## [GIVEN RECORDS]
- - - - - - -

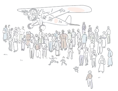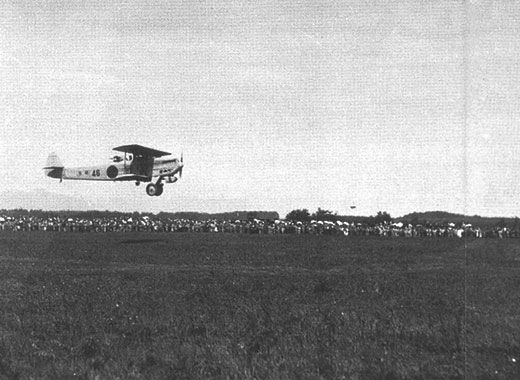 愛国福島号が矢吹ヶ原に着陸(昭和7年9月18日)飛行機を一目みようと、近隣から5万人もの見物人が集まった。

- - - - - - -

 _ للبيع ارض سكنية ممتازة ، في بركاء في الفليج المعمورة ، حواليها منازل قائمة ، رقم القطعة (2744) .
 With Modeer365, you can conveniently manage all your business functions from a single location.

- - - - - - -

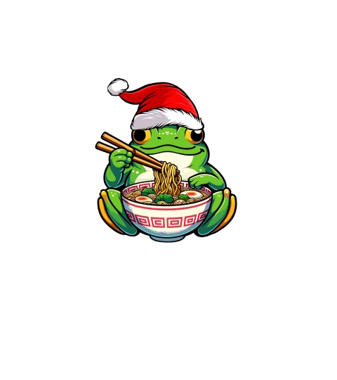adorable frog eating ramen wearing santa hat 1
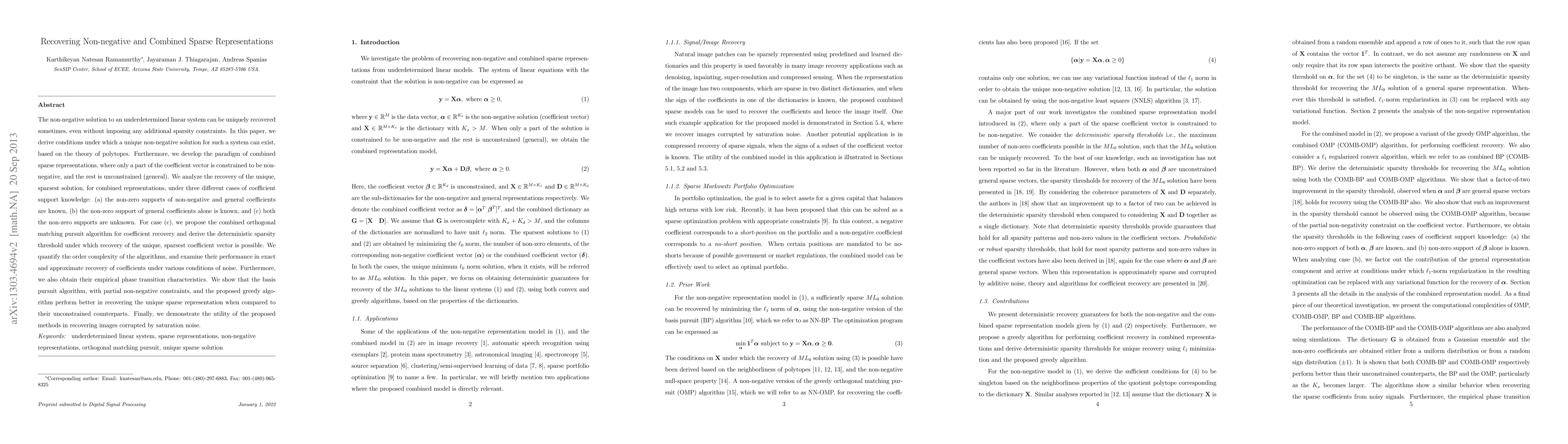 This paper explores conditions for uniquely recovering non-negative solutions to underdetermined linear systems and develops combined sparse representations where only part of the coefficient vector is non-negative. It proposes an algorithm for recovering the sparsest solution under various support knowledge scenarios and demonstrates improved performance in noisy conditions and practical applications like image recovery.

- - - - - - -

## [TASK TO CARRY OUT]
Give back exactly the lines above starting at the line where "القطعة (2744) ." appears and ending at the line where "With Modeer365, you" appears, both included, with no other lines.

## [ANSWER TO THE PROBLEM]
 _ للبيع ارض سكنية ممتازة ، في بركاء في الفليج المعمورة ، حواليها منازل قائمة ، رقم القطعة (2744) .
 With Modeer365, you can conveniently manage all your business functions from a single location.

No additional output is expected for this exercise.